Reduces Fragmentation
Fixed-size blocks prevent memory from getting unusably “chopped up”. Blocks are recycled instantly after request completion and freed blocks can serve any future request immediately.
Higher Batch Size → Better GPU Utilization
Because KV is allocated on demand instead of at maximum size, the system can host many more parallel requests, enabling continuous batching to operate at full efficiency.
Supports Shared Prefixes
Identical prefix KV entries can be shared across requests, reducing duplication and further improving memory efficiency.
Works Naturally With Continuous Batching
Because block allocation is handled independently for each request on demand, the system can easily handle new requests joining and old requests leaving at each decoding step.

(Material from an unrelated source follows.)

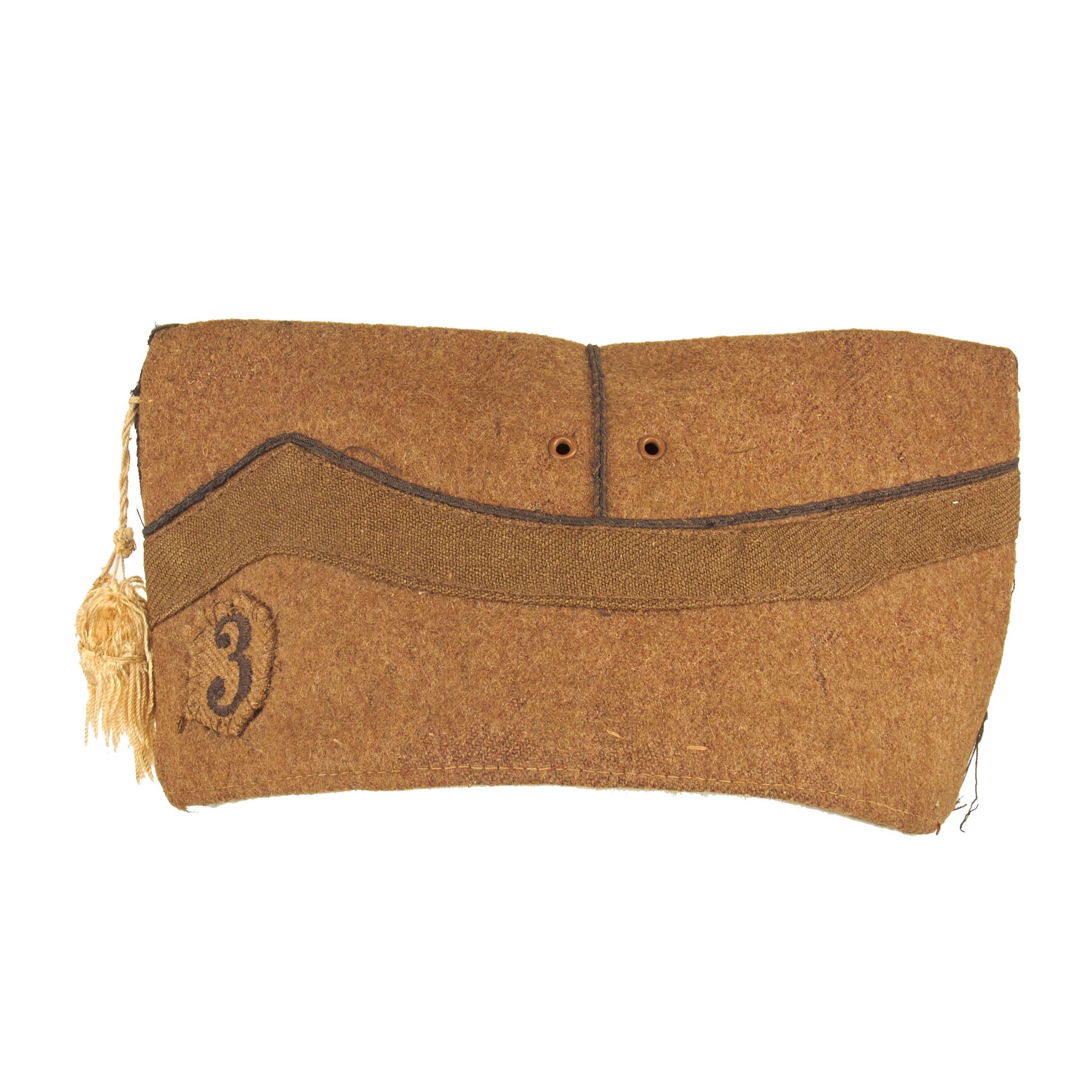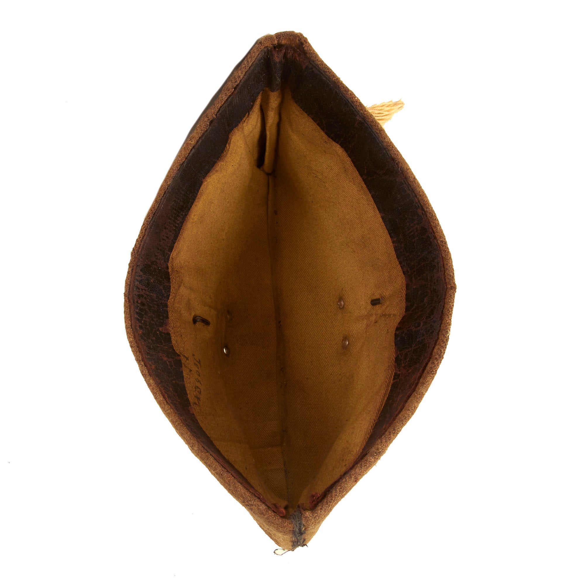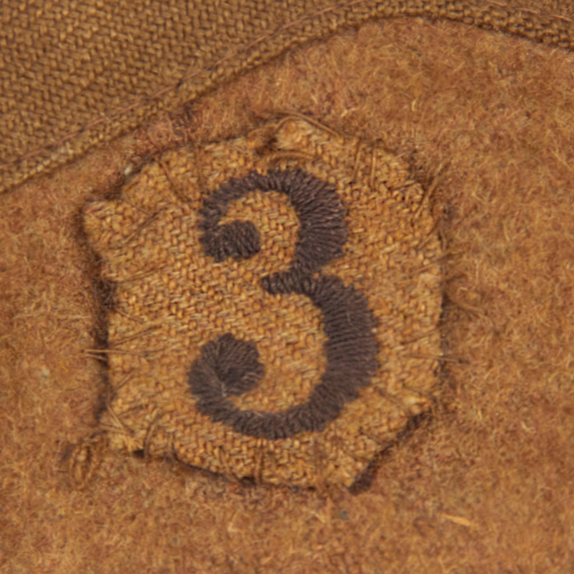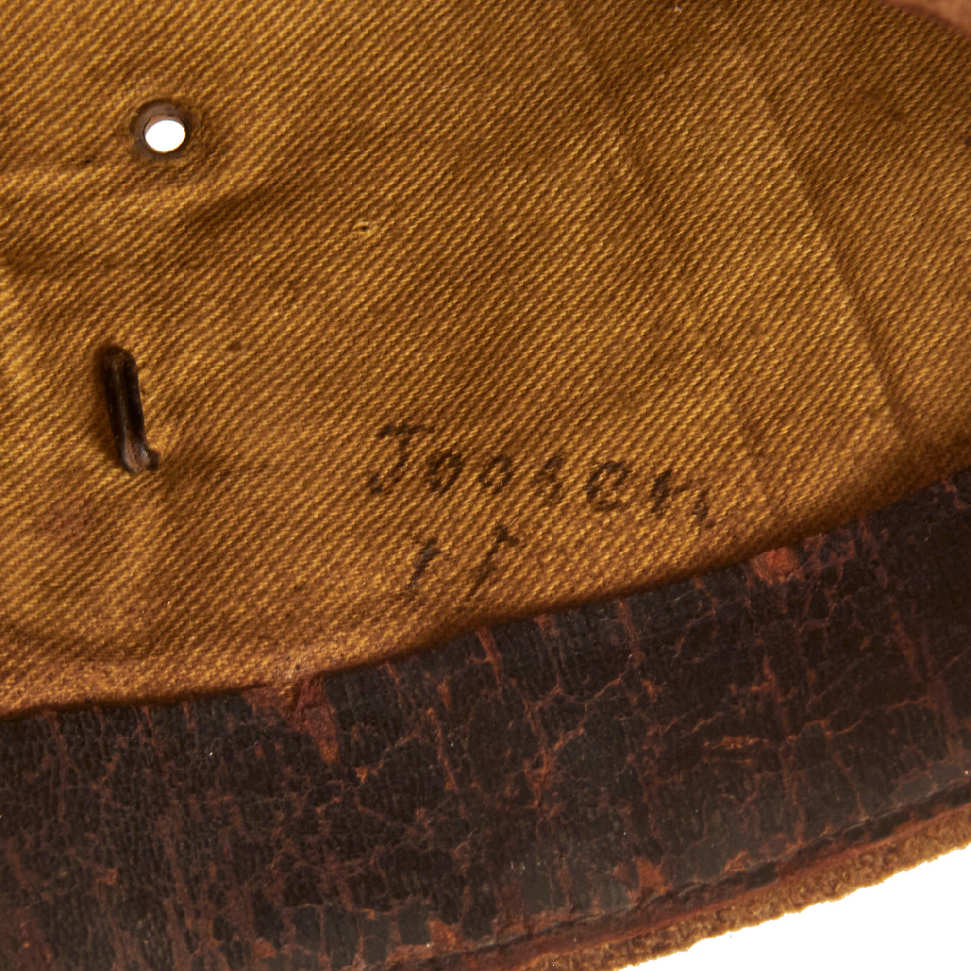 This forage cap is an excellent example of the Belgian M1916 forage cap which still retains the Divisional number on the front left side. The cap itself is in wonderful condition but does have scattered moth nips present in the wool body. The interior still retains the 1” wide leather sweatband which has cracking present in the finish but no extensive damage.

However, Paged Attention introduces a tunable parameter: block size. This affects both memory efficiency and GPU kernel performance.

Large block size
- Pros: fewer lookups, better data loading efficiency
- Cons: more internal fragmentation when requests end prematurely
Small block size
- Pros: better memory utilization, less waste per request
- Cons: more block-table overhead, more scattered memory access

Implementations choose block sizes that balance the two.

Summary #

Paged Attention applies a classic OS paging idea to the KV cache of LLMs. By breaking memory into fixed-size blocks allocated on demand, it reduces fragmentation, increases batch size, improves throughput, enables prefix sharing, and forms the foundation for scalable continuous batching.

PagedAttention is one of the most important innovations in modern LLM serving systems.

References #

Yu et al. “Orca: A Distributed Serving System for Transformer-Based Generative Models.” 16th USENIX Symposium on Operating Systems Design and Implementation. 2022.
Kwon et al. “Efficient Memory Management for Large Language Model Serving with PagedAttention.” Proceedings of the 29th symposium on operating systems principles. 2023.